◆ REQUIRED ACTION: Could you restate word for word only the lines below from the one holding "- Zhang, R.;" to the one holding "This highly selective", inclusive, and leave out the pictures?

◆ THE DATA:
==*==

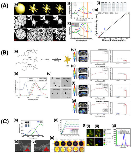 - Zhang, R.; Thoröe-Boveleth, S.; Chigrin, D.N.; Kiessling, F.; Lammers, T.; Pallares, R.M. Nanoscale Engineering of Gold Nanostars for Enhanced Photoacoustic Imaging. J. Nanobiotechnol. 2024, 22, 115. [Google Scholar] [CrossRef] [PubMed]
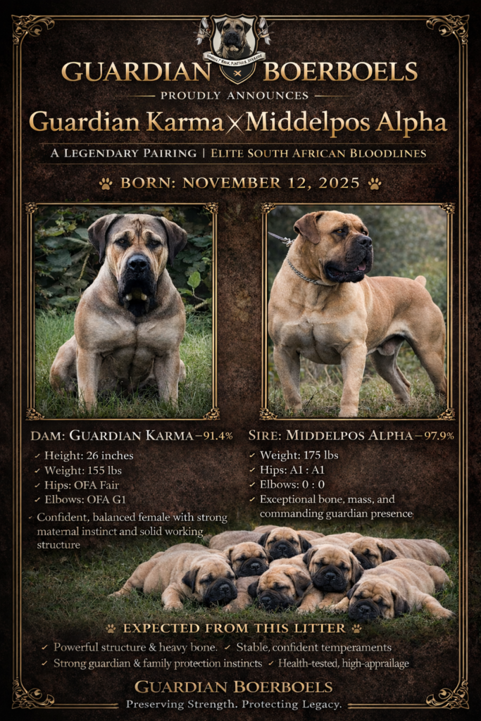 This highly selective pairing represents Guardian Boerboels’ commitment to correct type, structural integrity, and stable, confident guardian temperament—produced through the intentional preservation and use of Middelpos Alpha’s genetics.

==*==

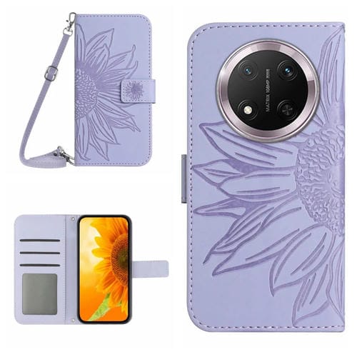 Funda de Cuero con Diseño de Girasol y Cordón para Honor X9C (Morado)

==*==

◆ EXERCISE OUTPUT:
 - Zhang, R.; Thoröe-Boveleth, S.; Chigrin, D.N.; Kiessling, F.; Lammers, T.; Pallares, R.M. Nanoscale Engineering of Gold Nanostars for Enhanced Photoacoustic Imaging. J. Nanobiotechnol. 2024, 22, 115. [Google Scholar] [CrossRef] [PubMed]
 This highly selective pairing represents Guardian Boerboels’ commitment to correct type, structural integrity, and stable, confident guardian temperament—produced through the intentional preservation and use of Middelpos Alpha’s genetics.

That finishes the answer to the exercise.